Over the past decade, a growing number of immunodeficiencies have been identified that cause CMC, many of which are associated with impaired development of Th17 and Treg defects, rendering individuals susceptible to Candida infections (7). Mutations in genes including IL17F, IL17RA, IL17RC, ACT1 (TRAF3IP2), and RORC have been identified in some CMC patients (7–9). Additionally, mutations affecting proteins involved in the signaling pathway of IL-17 including STAT1, CARD9, STAT3, TYK2, and DOCK8 have also been observed (7). Among them, STAT1 GOF mutations represent the most prevalent genetic cause of inherited CMC as well as various infectious and autoimmune diseases along with cerebral aneurysms and carcinomas with a poor outcome (4). Toubiana et al. identified 76 mutations in this gene associated with CMC and other researchers also observed additional novel mutations (4, 10–12). Furthermore, APECED syndrome with biallelic mutations in the AIRE gene and HIES with dominant-negative mutations in the STAT3 gene are also characterized by increased susceptibility to fungal infections, which may manifest as CMC (13–16). The number or function of Tregs was observed to be diminished in patients with CMC those carrying STAT1 GOF mutations (17). Therefore, when clinical suspicion arises for CMC, the aforementioned genes can be examined to aid diagnosis.

Xie et al. reported a patient initially misdiagnosed as fissured tongue and oral candidiasis, which was later confirmed as CMC after 18 years, via whole exome sequencing (WES) analysis revealing an IL-17RC mutation (3). Additionally, in cohort analysis, targeted panel sequencing played an important role in being a cost-effective first-line genetic screening method that facilitates the identification of mutations even in patients with atypical clinical presentations. In this way, more than one-third of patients diagnosed with CMC were found to harbor genetic defects, including 23 STAT1 and 4 CARD9 mutations (13). Thus, the significance of genetic tests is underscored in these reports, as they facilitate precise timing of treatment and enable early prediction and detection of associated complications in the management of CMC (18).

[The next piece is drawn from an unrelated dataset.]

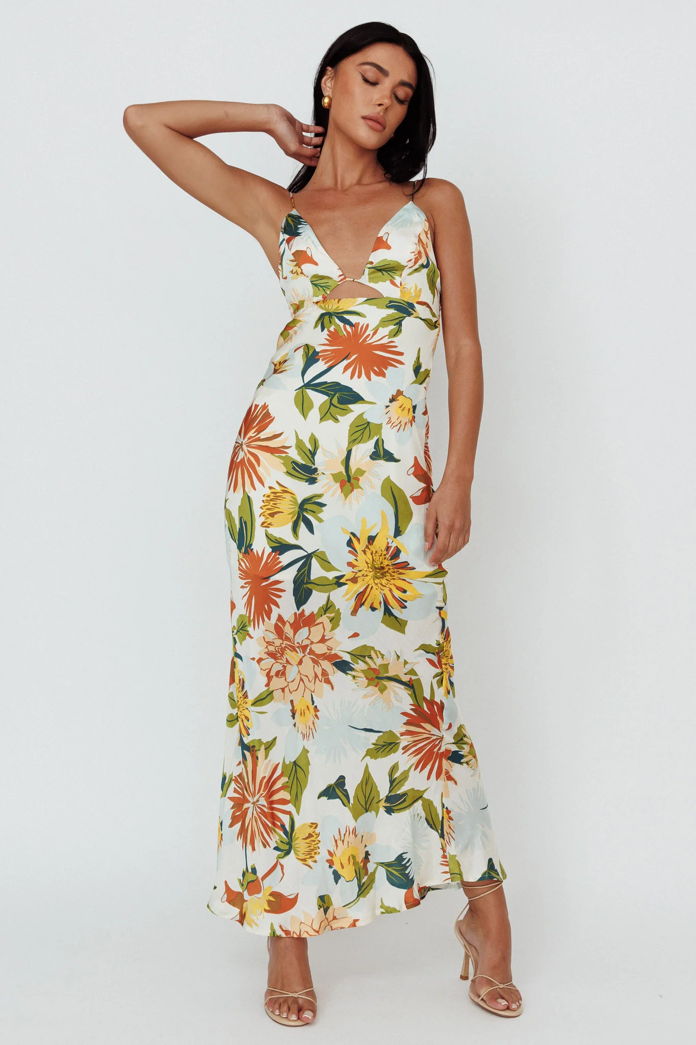 Dance Again Cut-Out Back Maxi Dress Floral Green

High titer-neutralizing anticytokine antibodies (ACAAs) have been identified in patients with severe or refractory fungal infections in recent years (19). IL-17A and F play crucial roles in the adaptive immune system’s response to fungal infections, which are generated by CD4 (specifically Th17) cells and stimulate epithelial cells to express antimicrobial peptides, as well as increase neutrophil trafficking (19). Consequently, autoantibodies to IL-17A and IL-17F might be associated with the CMC phenotype. A study involving 33 patients with autoimmune polyendocrine syndrome type 1 (APS-1, also known as APECED) presenting with CMC detected high titers of ACAAs against IL-17A, IL-17F, and/or IL-22, and no such autoantibodies were observed in 37 healthy controls or the 103 patients with other autoimmune disorders (20). Another multicenter survey revealed that a significant proportion (41%) of over 150 APECED patients with CMC exhibited autoantibodies to IL-17A, while higher percentages were observed for IL-17F (75%) and/or IL-22 (91%) (21). These findings were particularly prominent in APECED patients with CMC whereas normal responses and infrequent presence of autoantibodies were noted in APECED patients without CMC (21).

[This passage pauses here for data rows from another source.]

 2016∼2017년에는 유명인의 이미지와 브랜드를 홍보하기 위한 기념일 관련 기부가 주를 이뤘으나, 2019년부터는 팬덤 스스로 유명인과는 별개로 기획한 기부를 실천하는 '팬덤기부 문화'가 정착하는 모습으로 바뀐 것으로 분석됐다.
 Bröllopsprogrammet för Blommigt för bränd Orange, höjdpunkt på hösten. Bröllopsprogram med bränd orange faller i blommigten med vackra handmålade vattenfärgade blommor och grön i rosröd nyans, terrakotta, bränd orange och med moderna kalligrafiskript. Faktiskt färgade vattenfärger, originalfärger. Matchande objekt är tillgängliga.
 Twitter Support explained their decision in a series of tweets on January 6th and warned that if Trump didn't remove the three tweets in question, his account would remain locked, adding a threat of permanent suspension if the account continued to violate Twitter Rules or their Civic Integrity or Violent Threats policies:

Screening of ACAAs thus will pave the way for the diagnosis of CMC, particularly in patients without established autoimmune etiologies. The failure to recognize ACAAs as an underlying cause of secondary immunodeficiencies may contribute to the challenges in identifying these patients. ELISA and multiplex particle-based flow cytometry, which have been employed to detect antibodies capable of neutralizing IL-17 and IL-22, with confirmation of antibody specificity by Western blot, could be advantageous (20).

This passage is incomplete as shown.